##### Data section #####

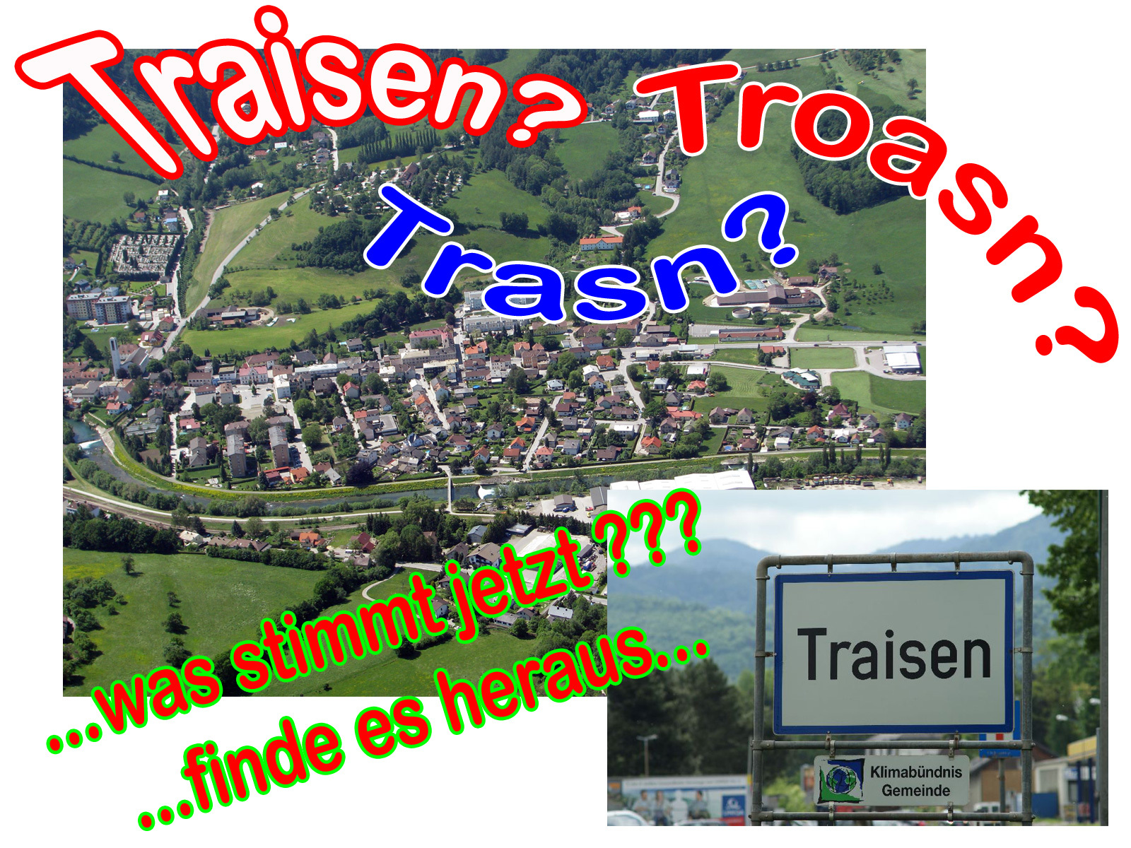Die Eingeborenen in Traisen artikulieren manchmal sehr unterschiedlich, wenn es um ihren Heimatort geht. So finden sich einige verschiedene Ausdrucksweisen für die Marktgemeinde. Welche sind offizielle amtssprachliche Ausdrücke?
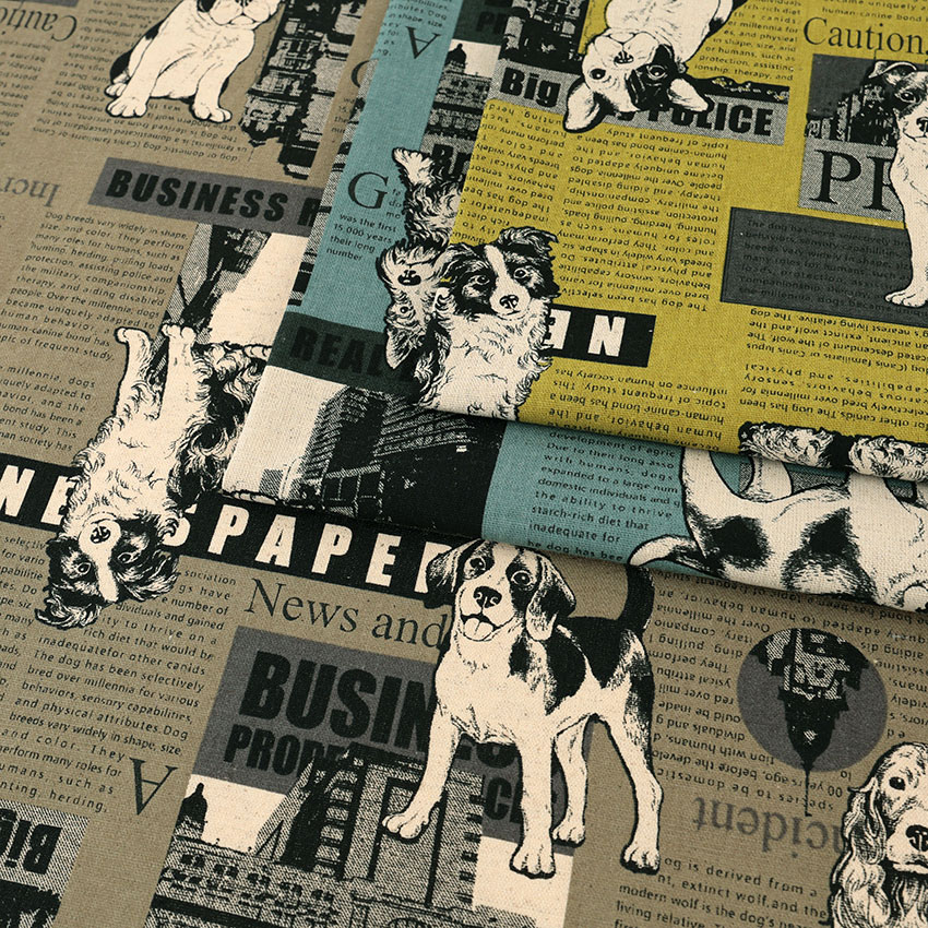 英字と犬柄 綿麻キャンバス 50cm単位|切売り 切り売り 生地 布 布地 犬 いぬ イヌ ドッグ ワンちゃん わんこ ワンコ コットンリネン
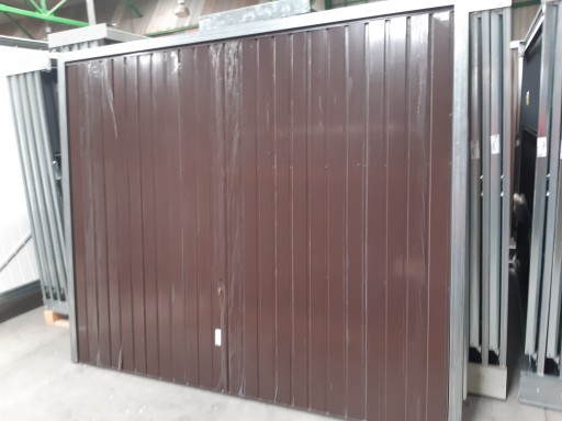 Ościeżnica wykonana z kształtowników ocynkowanych zamkniętych , próg z kształtownika pół zamkniętego. Skrzydło bramy: górny, środkowy oraz dolny stabilne konstrukcyjnie dostosowane do występujących obciążeń . Poszycie: blacha stalowa ocynkowana grubość 0,5 mm, powlekana poliestrem w kolorze z palety RAL : 8017 - Ci. Brąz . Wszystkie metalowe podzespoły konstrukcyjne ocynkowane i skręcane, wmontowany mechanizm zatrzaskowy skrzydła bramy po obu stronach . Skrzydło bramy Ocieplenie styropianem i wykończone od środka siding PCV biały .

#####

Please copy out each line above exactly as written, but not the pictures.

= Task solution =
Die Eingeborenen in Traisen artikulieren manchmal sehr unterschiedlich, wenn es um ihren Heimatort geht. So finden sich einige verschiedene Ausdrucksweisen für die Marktgemeinde. Welche sind offizielle amtssprachliche Ausdrücke?
 英字と犬柄 綿麻キャンバス 50cm単位|切売り 切り売り 生地 布 布地 犬 いぬ イヌ ドッグ ワンちゃん わんこ ワンコ コットンリネン
 Ościeżnica wykonana z kształtowników ocynkowanych zamkniętych , próg z kształtownika pół zamkniętego. Skrzydło bramy: górny, środkowy oraz dolny stabilne konstrukcyjnie dostosowane do występujących obciążeń . Poszycie: blacha stalowa ocynkowana grubość 0,5 mm, powlekana poliestrem w kolorze z palety RAL : 8017 - Ci. Brąz . Wszystkie metalowe podzespoły konstrukcyjne ocynkowane i skręcane, wmontowany mechanizm zatrzaskowy skrzydła bramy po obu stronach . Skrzydło bramy Ocieplenie styropianem i wykończone od środka siding PCV biały .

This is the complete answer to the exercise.